Used in Organic Synthesis:
3-Pyridinecarboxaldehyde,4,6-diamino-(9CI) also serves as a reagent in chemical reactions, playing a crucial role in organic synthesis. Its ability to participate in various chemical transformations allows for the production of a diverse array of organic compounds for different applications.

Upstream product

• 75776-47-5 2,4-diamino-5-cyanopyridine 

Downstream Products

• 293301-09-4 3-(3,5-Dimethoxyphenyl)-1,6-naphthyridine-2,7-diamine 
• 179342-45-1 3-(2,6-Dichlorophenyl)-1,6-naphthyridine-2,7-diamine 
• 78433-88-2 2-(2,6-dichlorophenyl)acetamide 
• 293301-29-8 2,7-Difluoro-3-(3,5-dimethoxyphenyl)-1,6-naphthyridine 
• 293301-24-3 3-(3,5-Dimethoxyphenyl)-7-fluoro-1,6-naphthyridin-2-amine 
• 293301-35-6 3-(3,5-Dimethoxyphenyl)-7-{[3-(4-methylpiperazin-1-yl)propyl]amino}-1,6-naphthyridin-2-amine 

Relevant articles and documents

Synthesis and structure-activity relationships of 7-substituted 3-(2,6-dichlorophenyl)-1,6-naphthyridin-2(1H)-ones as selective inhibitors of pp60(c-src)

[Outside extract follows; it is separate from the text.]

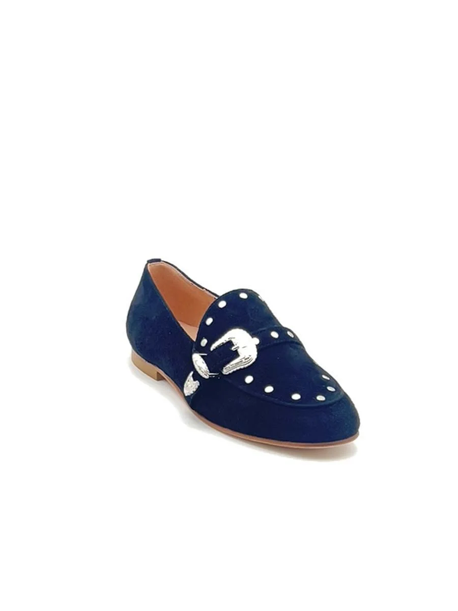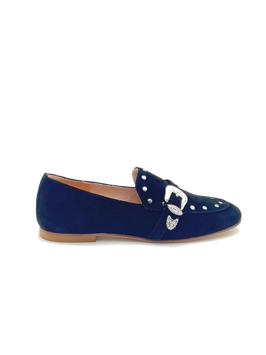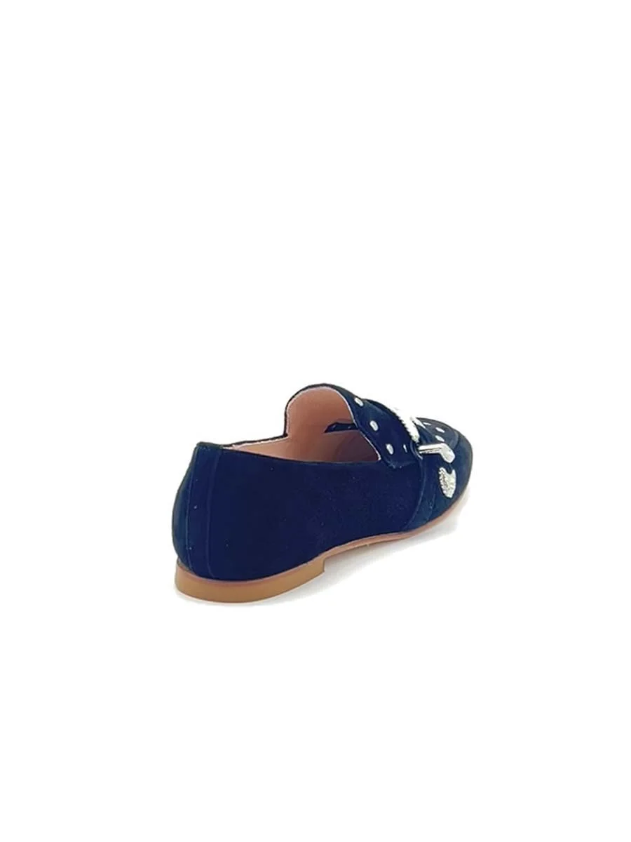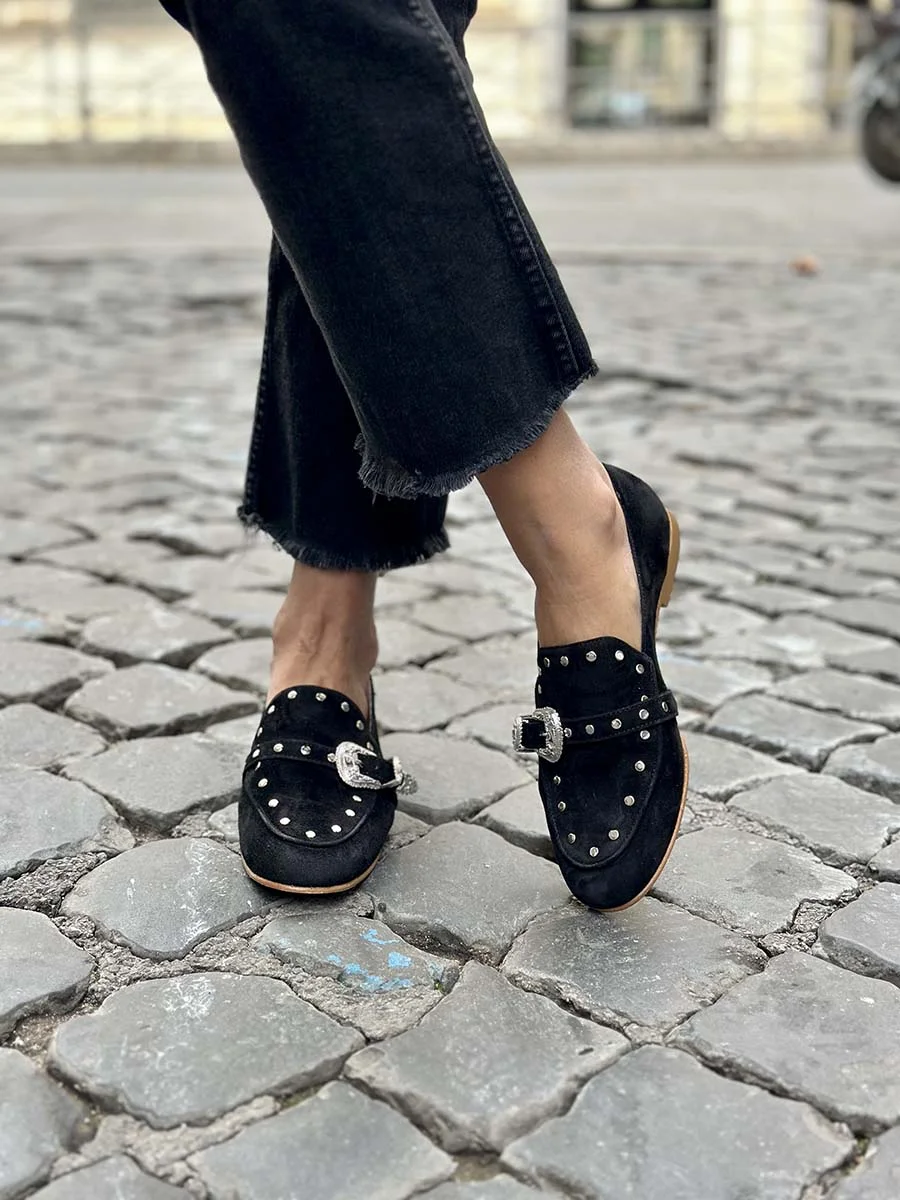 Si chiama “Matilde” il nuovo mocassino di questa stagione, dalla forma a mandorla, realizzato in morbido camoscio nero, con borchie e fibbia cowboy argento. Tacco cm 1, il fondo è in gomma.

7-Substituted 3-(2,6-dichlorophenyl)-1,6-naphthyridin-2(1H)-ones are potent inhibitors of protein tyrosine kinases, with some selectivity for c-Src. The compounds were prepared by condensing 4,6-diaminonicotinaldehyde with 2,6-dichlorophenylacetonitrile and selectively converting the 2- and 7-amino groups of the product to hydroxy and fluoro groups, respectively, by prolonged diazotization in 50% aqueous fluoboric acid. N-Methylation, followed by treatment with aliphatic diamines, aromatic amines, or their derived lithium anions, gave the desired compounds. Selected isomeric 1,8-naphthyridin-2(1H)-ones were also prepared in order to evaluate the relative contributions of both ring A aza atoms of the related pyrido[2,3-d]pyrimidin-7(8H)-ones to the inhibitory activity. The compounds were evaluated for their ability to prevent phosphorylation of a model substrate by c-Src, FGF-1 receptor, and PDGF-β receptor enzymes. Overall, there was a high degree of correlation of the activities against the different kinases, with c-Src being generally the most sensitive to structural changes. 1,6-Naphthyridin-2(1H)-one analogues bearing basic aliphatic side chains [7-NH(CH2)(n)NRR, 7-NHPhO(CH2)(n)NRR, or 7-NHPhN(CH2)4NMe] were the most potent against c-Src (IC50s of 10-80 nM), showing good selectivity with respect to PDGFR (10-300-fold) but less with respect to FGFR. The 1,6-naphthyridin-2(1H)-ones showed broadly similar activity to the analogous pyrido[2,3-d]-pyrimidin-7(8H)-ones, whereas the 1,8-naphthyridin-2(1H)-ones were at least 103-fold less potent. These results, indicating that the 3-aza atom in the pyrido[2,3-d]pyrimidin-7(8H)-ones is mandatory, whereas the 1-aza atom is not, support the published binding model for these compounds to c-Src (J. Med. Chem. 1998, 41, 1752), where the 3-aza and 2-NH atoms form a bidentate H-bond donor - acceptor motif that interacts with Met341 and the 1-aza atom is not involved in specific binding interactions.